Task item
Using the listing below, retype only the lines from the line with "Sassnitz - Mukran, 04." through the end, both ends included, and exclude the pictures.

Stored data
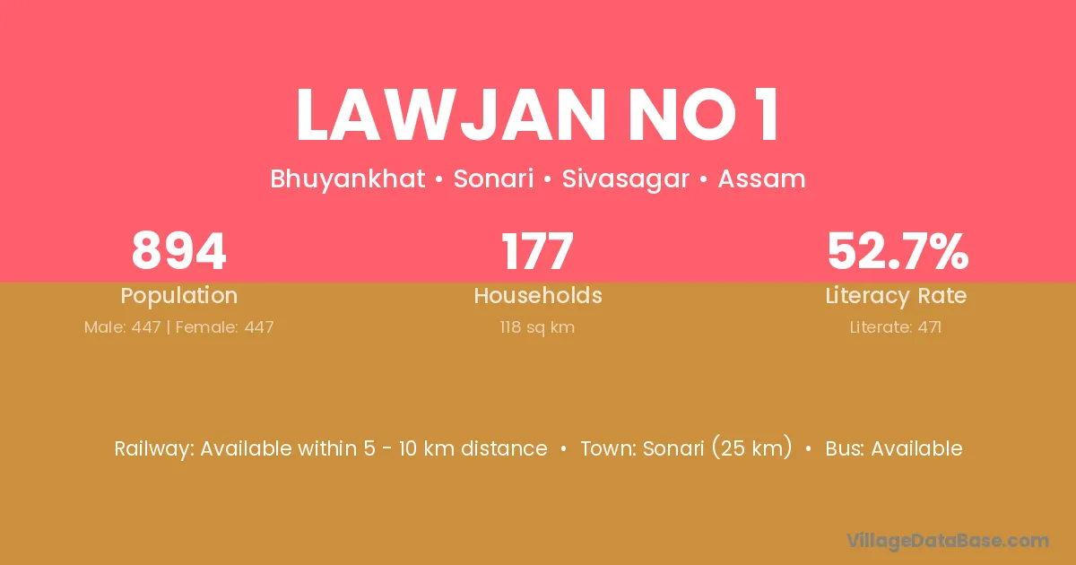 Sonari (25 km) is the nearest town to Lawjan No 1 village for major economic activities and is located approximately 25 km away.
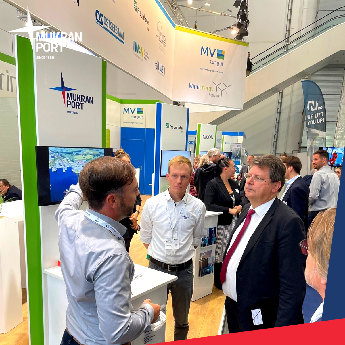 Sassnitz - Mukran, 04. Oktober 2022 — Mukran Port auf der Wind Energy Messe in Hamburg vertreten. Bei dem Expertentreffen der Off- & Onshore Wind Energy Branche wurden zahlreiche Gespräche geführt. Auch der Minister für Wirtschaft, Infrastruktur, Tourismus und Arbeit von Mecklenburg – Vorpommern besuchte den Mukran Port Ausstellungsstand.
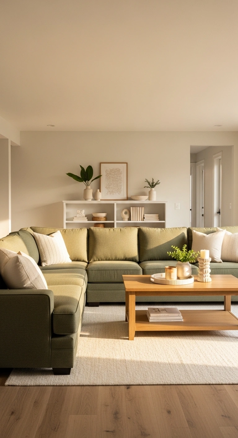 A green sectional sofa brings comfort and style into an open living space. The larger shape makes the room feel inviting and functional for family gatherings. Pair it with cream walls and warm wooden furniture for balance. A chunky knit throw adds softness and texture. Choose a large neutral area rug to anchor the seating zone. Light oak shelving keeps the room bright and airy. The overall look feels modern yet cozy.

Result for this task
 Sassnitz - Mukran, 04. Oktober 2022 — Mukran Port auf der Wind Energy Messe in Hamburg vertreten. Bei dem Expertentreffen der Off- & Onshore Wind Energy Branche wurden zahlreiche Gespräche geführt. Auch der Minister für Wirtschaft, Infrastruktur, Tourismus und Arbeit von Mecklenburg – Vorpommern besuchte den Mukran Port Ausstellungsstand.
 A green sectional sofa brings comfort and style into an open living space. The larger shape makes the room feel inviting and functional for family gatherings. Pair it with cream walls and warm wooden furniture for balance. A chunky knit throw adds softness and texture. Choose a large neutral area rug to anchor the seating zone. Light oak shelving keeps the room bright and airy. The overall look feels modern yet cozy.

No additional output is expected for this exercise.